Multiplying through leads to:

\[\begin{equation} hb +0.2hB_0 = 0.2b+ 0.2B_0 \tag{5.50} \end{equation}\]

and exchanging terms to isolate \(b\) and \(B_0\) and multiplying by 5 to remove the 0.2 values:

\[\begin{equation} 5hb - b = B_0 - hB_0 \tag{5.51} \end{equation}\]

and simplifying leads to:

\[\begin{equation} b \left(5h - 1\right)=B_0 \left(1-h \right) \tag{5.52} \end{equation}\]

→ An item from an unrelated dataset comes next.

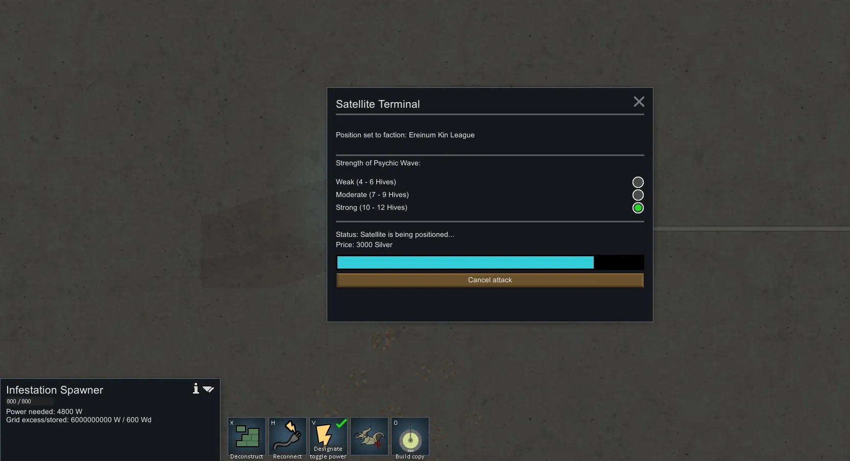 So this building acts as the sender to establish a connection to the mentioned satellite in orbit. From there you can launch an "Infestation Attack" to a faction or bandit camp. You can set the strength of the psychic wave in the terminal, but of course this service is not for free! The lowest strength costs 1000 Silver, Moderate 2000 Silver and the strongest 3000 Silver. (see screenshot)

thus \(b\) can be reparameterized as:

\[\begin{equation} b = \frac{B_0 \left(1-h \right)}{\left(5h - 1\right)} \tag{5.53} \end{equation}\]

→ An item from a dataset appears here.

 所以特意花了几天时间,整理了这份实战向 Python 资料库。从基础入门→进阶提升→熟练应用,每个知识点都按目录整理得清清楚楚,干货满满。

This version of \(b\) can be used in our original equation and re-arranged to do something similar for the \(a\) parameter:

\[\begin{equation} R_0 = \frac{aB_0}{\frac{B_0 \left(1-h \right)}{\left(5h - 1\right)}+ B_0} \tag{5.54} \end{equation}\]

which converts to:

\[\begin{equation} R_0 \frac{B_0 \left(1-h \right)}{\left(5h - 1\right)} + R_0 B_0 = aB_0 \tag{5.55} \end{equation}\]

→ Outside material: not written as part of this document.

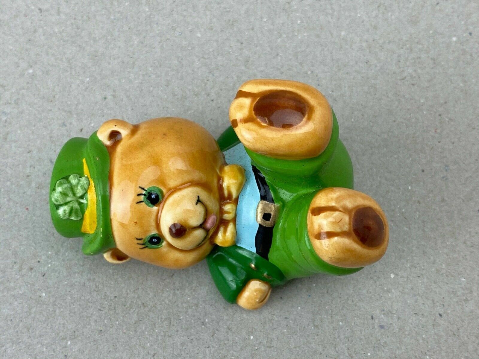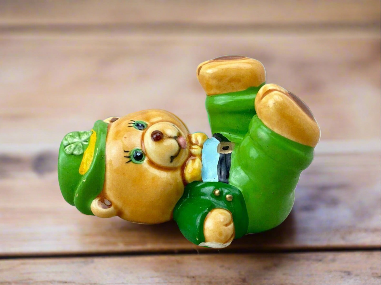 Russ Shamrock Bear Figurines Ceramic High Gloss Saint Patrick's Day

Dividing through by \(B_0\) and then multiplying the second \(R_0\) on the left hand of the \(=\) by \(5h – 1\) allows a simplification:

\[\begin{equation} \frac{R_0- hR_0 + 5hR_0 - R_0}{5h -1} = \frac{4hR_0}{5h-1} = a \tag{5.56} \end{equation}\]

Remember that \(\alpha = b/a\) and \(\beta = 1/a\), so we can finish with

\[\begin{equation} \alpha = b \times 1/a = \frac{B_0 \left(1-h \right)}{\left(5h - 1\right)} \times \frac{5h-1}{4hR_0} = \frac{B_0 (1-h)}{4hR_0} \tag{5.57} \end{equation}\]

and
\[\begin{equation} \beta = 1/a = \frac{5h-1}{4hR_0} \tag{5.58} \end{equation}\]

as defined by Francis (1992). This has redefined the Beverton- Holt model parameters in terms of \(h\), \(B_0\), and \(R_0\). The relationship required between \(B_0\) and \(R_0\) is required but we cannot use the equilibrium equation for that so instead we assume that the unfished population is in equilibrium with a stable age distribution. The mature biomass generated per recruit from the stable age distribution (\(A_0\)) therefore defines the required relationship between \(B_0\) and \(R_0\).